Record excerpts -
§

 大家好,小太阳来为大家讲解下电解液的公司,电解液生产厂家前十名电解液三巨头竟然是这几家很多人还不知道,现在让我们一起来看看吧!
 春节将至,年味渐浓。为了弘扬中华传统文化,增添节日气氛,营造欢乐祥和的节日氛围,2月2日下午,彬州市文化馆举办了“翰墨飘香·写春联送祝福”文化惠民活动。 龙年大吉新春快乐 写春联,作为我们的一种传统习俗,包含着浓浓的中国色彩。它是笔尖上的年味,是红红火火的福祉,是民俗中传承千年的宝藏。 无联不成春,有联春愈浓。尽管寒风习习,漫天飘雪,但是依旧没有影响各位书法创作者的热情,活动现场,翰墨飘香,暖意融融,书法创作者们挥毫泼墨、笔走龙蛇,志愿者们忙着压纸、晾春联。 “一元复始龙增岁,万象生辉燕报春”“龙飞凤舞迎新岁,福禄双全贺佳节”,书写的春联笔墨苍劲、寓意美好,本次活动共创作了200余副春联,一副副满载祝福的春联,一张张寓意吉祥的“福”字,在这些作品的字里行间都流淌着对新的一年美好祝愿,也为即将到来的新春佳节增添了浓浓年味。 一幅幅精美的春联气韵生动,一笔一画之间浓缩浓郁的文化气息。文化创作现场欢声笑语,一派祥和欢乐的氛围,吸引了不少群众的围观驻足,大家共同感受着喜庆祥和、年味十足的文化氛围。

§

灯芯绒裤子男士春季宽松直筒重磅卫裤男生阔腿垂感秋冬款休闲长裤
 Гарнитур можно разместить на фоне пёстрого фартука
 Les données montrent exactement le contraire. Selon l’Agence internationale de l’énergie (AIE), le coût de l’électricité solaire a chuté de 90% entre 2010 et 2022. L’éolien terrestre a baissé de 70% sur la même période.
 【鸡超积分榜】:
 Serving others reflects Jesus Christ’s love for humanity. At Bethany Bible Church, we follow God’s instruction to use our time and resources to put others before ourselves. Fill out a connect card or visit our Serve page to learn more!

§

Task description - Would you quote everything above from the line containing "Гарнитур можно разместить" down to the line containing "Serving others reflects"? Include both of those lines and nothing else.

Task result -
 Гарнитур можно разместить на фоне пёстрого фартука
 Les données montrent exactement le contraire. Selon l’Agence internationale de l’énergie (AIE), le coût de l’électricité solaire a chuté de 90% entre 2010 et 2022. L’éolien terrestre a baissé de 70% sur la même période.
 【鸡超积分榜】:
 Serving others reflects Jesus Christ’s love for humanity. At Bethany Bible Church, we follow God’s instruction to use our time and resources to put others before ourselves. Fill out a connect card or visit our Serve page to learn more!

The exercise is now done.